There is real pleasure in the way Mr. K makes his way through his line of reasoning, in the shape of his thoughts. The explanatory tropes he uses and the weirdly curated thought exercises and facts culled from popular media, funneled through the curious divagations of his thinking, these give depth to the character and energy to the prose. We get paranormal reality TV and Enola Gay. We get the “enormous drawing paper measuring ten meters in height and twenty meters in width” on which the self is but an ink stain. Even though not longer after the drawing paper gets scrapped — actually “We are like the paper patterns tailors use.” Or how, in another extended metaphor, those who advocate for “a great force for good” are merely God’s spies on the battlefield, no different from any spies deployed by any imperial power.
And if we are to follow his train of thought, where does Mr. K lead us? While not particularly rigorous in approach (that is not the point) nor particularly new in scope, there are little gems that feel fresh, excavated by the process. Cancer is suicidal, we learn. Ghosts are only capable of uninteresting platitudes. That by “carrying out mutual destruction . . . we are made to perceive and appreciate the true pleasures of life.” Not the least of these surprises is the volta towards the end. The reader having been drawn through the wringer of a peculiar kind of negative theology, arrives at a stance of equanimity and compassion, but a skeptic’s stance, one highly specific and personal.
“I saw myself in Camus’ The Stranger,” quotes translator Raj Mahtani from an interview with Kazufumi in his postscript. The little novel was apparently an early and magnetic influence during the author’s charmingly literary childhood cloistered on account of chronic respiratory issues. No surprise given the clear if superficial congruencies between Existentialism and certain strains of Japanese lit. For a certain set, what’s better? You get moral permission to inhabit the voice of a first-person asshole poised to wipe the bourgeois smirk off the reader’s face by way of the unvarnished truth, the really real. Even if that voice must be a male’s and of a certain privilege.
But this is not that exactly. Kazufumi is working against the backdrop of another terrible global political morass, equally all-consuming and equally likely to debilitate with apathy, but with a different texture. The current toxic media environment and rainbow hues of terror alerts are pervasive and pernicious in ways unlike the specter of out and out world wars. Second, the method is hybrid. While Mr.
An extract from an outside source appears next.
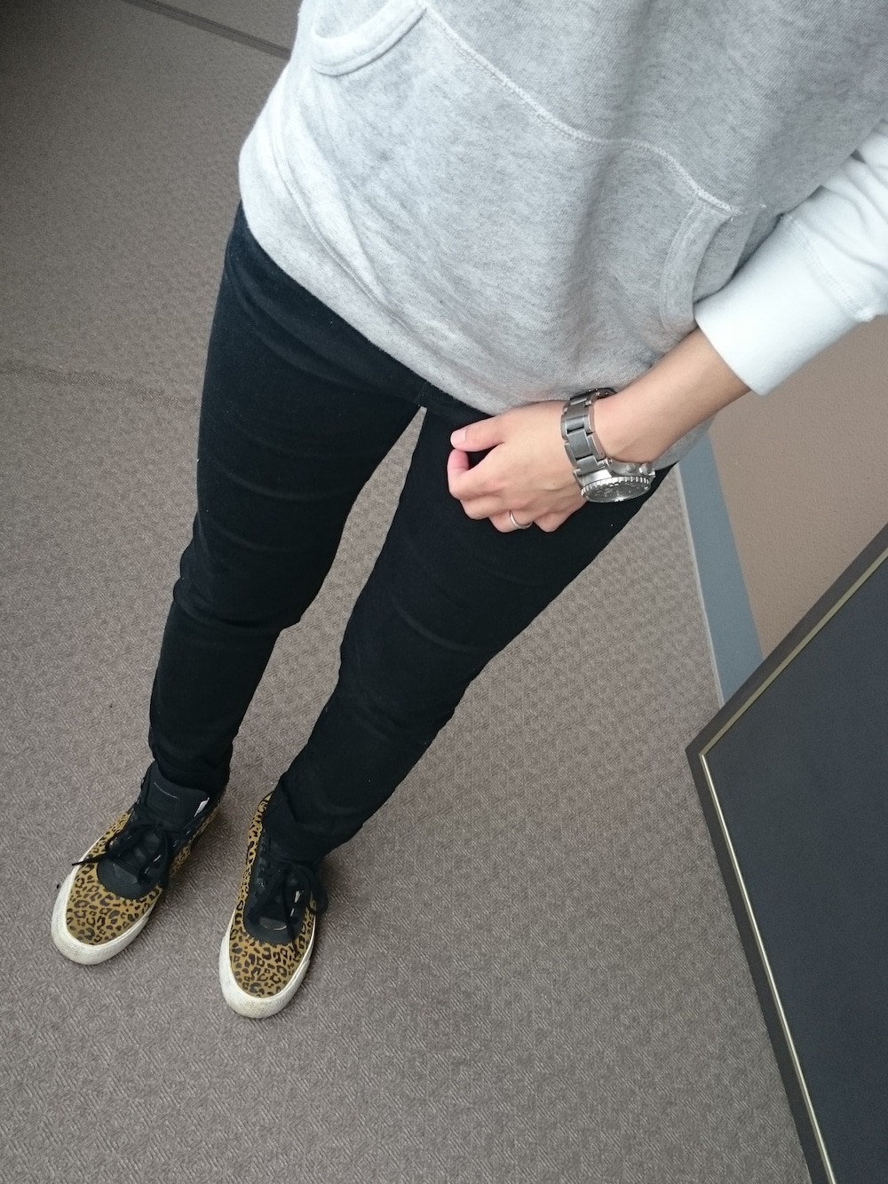やはり雨の日は なぜかロックな気分。 イコール靴は豹柄で決定。 シンプル過ぎるモノトーンコーデです。 寂しすぎるので 久々にNIXONのごつい時計してみました。 お気に入りのこの時計 だけど子育てには不向きすぎる。 残念すぎる。

K is more or less doing atheistic philosophy, he doesn’t give up on the Buddhism of contemporary Japanese culture in which he is steeped. Lastly, he let’s himself get somewhere. There might be some shortcutting, but that doesn’t entirely undermine the moment of arrival.
In the introduction, the fictional journalist responsible for getting Mr. K’s notes published justifies his decision: “I thought it would be a good idea to personally hand over this collection of notes to those around twenty years old.” And it’s true; of the multiple ways to take this work, it’s hard to shake the reading in which there’s an unwritten subtitle, something like Letters to a Young Curmudgeon. The younger me would have been enthralled. He would not have noticed so much the spots where the terrain felt well trod or where the path skirted solipsistic onanism. But there’s more than enough thrill in the premise and delight in the execution to find you the whole way through. You walk away with a hard won sliver of compassion for Mr. K and continued gratitude to Dalkey for making acclaimed contemporary voices like Kazufumi available to a broader audience before they’re totally dead.
Nabil Kashyap is librarian for Digital Initiatives and Scholarship at Swarthmore College.